2. Is Windows cpu usage measurment reliable using Core 2 Duo ?
3. If the answer to 2. is yes, can someone explain me how a program can take more CPU and go faster ?! It the answer to 2. is no, does anyone know a reliable way to measure CPU with a Core 2 Duo ?
4. Why is there such a difference between Core 2 Duo and Multi-Processor ? I know the arechitecure is not the same at all (cache sharing etc.), but ...

Any help appreciated ;)

Marc

jimdempseyatthecove · ‎10-30-2006

Marc,

1) Yes I understand your problem - been there.

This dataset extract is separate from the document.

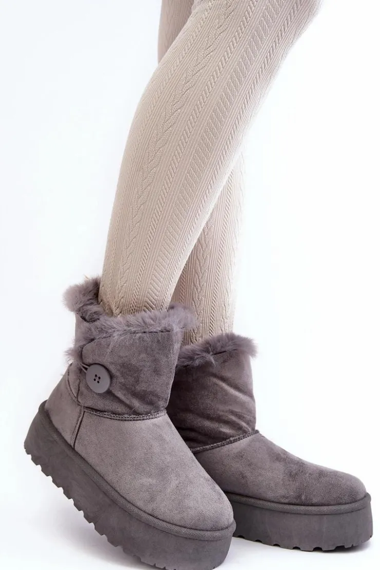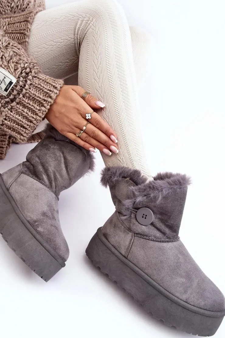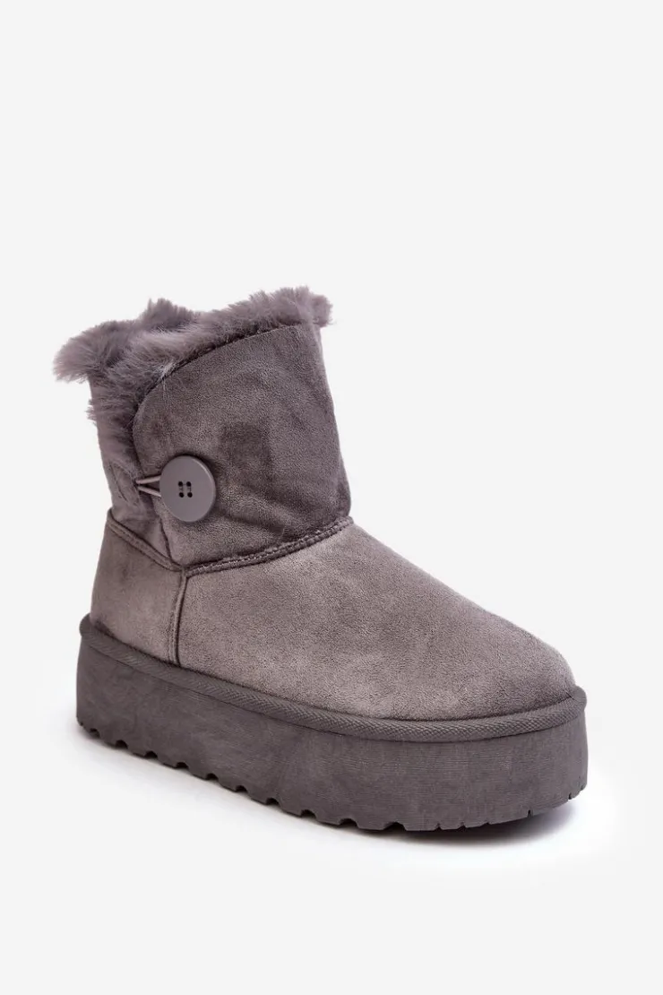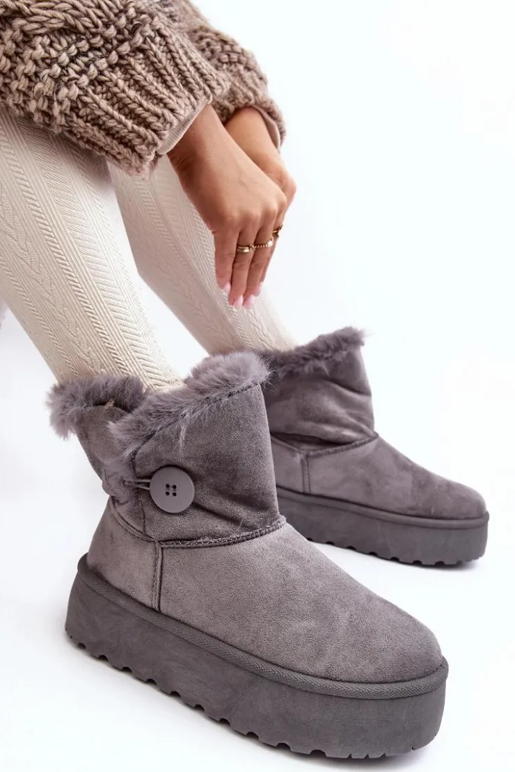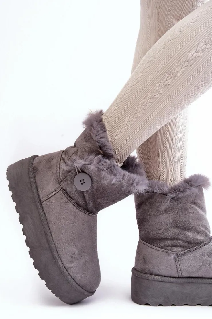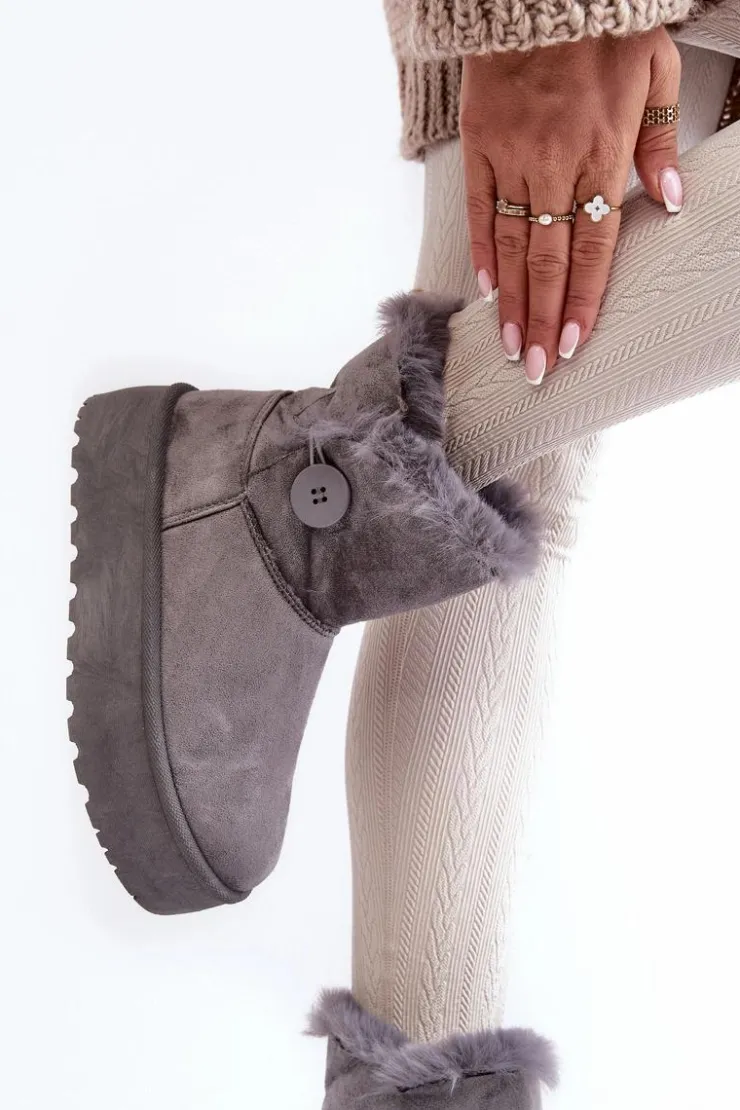 Śniegowce damskie osadzone na grubej platformie z gumowego tworzywa. Cholewka za kostkę, ozdobiona guzikiem i futerkiem. Wykonane z eko zamszu. Środek ocieplony. Ten modny model świetnie sprawdzi się w sezonie jesienno-zimowym. Koniecznie musisz je mieć! Przy wyborze rozmiaru prosimy sugerować się tabelą rozmiarów.

2) The Windows only indicates the average CPU time used by your application _including_ any overhead. A better judge of performance is to time the runtime of your application. If you do see too much overhead (you did) then you need to investigate your application. Use vTune.

3. It can run faster using proportionaly more CPU time because you had CPU time to spare to begin with (i.e. 15% of 2, or 30% of 1). If your application were using 100% of one CPU, and if you had the same overhead issue then you might have seen a slowdown.

It looks like you may need to experiment with altering the OpenMP environment variables:

KMP_BLOCKTIME=nnn miliseconds
KMP_LIBRARY= throughput or turnaround

You will have a trade-off between how fast your application is verses how much time is available to run other programs on your system.

The other things to look at:

a) Are you trying to parallelize too small of work units?
b) Can your application be parallelized from the outer levels inward as opposed to from the inward levels outward.

By b)I mean...

If your application has multiple objects and each object has at some point an inner loop that consumes most of the time then there are two ways to parallize (this portion of) the application. a) parallelize in inner loop, or b) parallelize the outer object-by-object loop.

If you have more objects than CPUs then b) might work better than a).

Jim Dempsey

marc_ba · ‎10-31-2006

Jim,

Thanks a lot for your answer. The problem is not easy to describe and - I guess - not easy to understand nor to answser :)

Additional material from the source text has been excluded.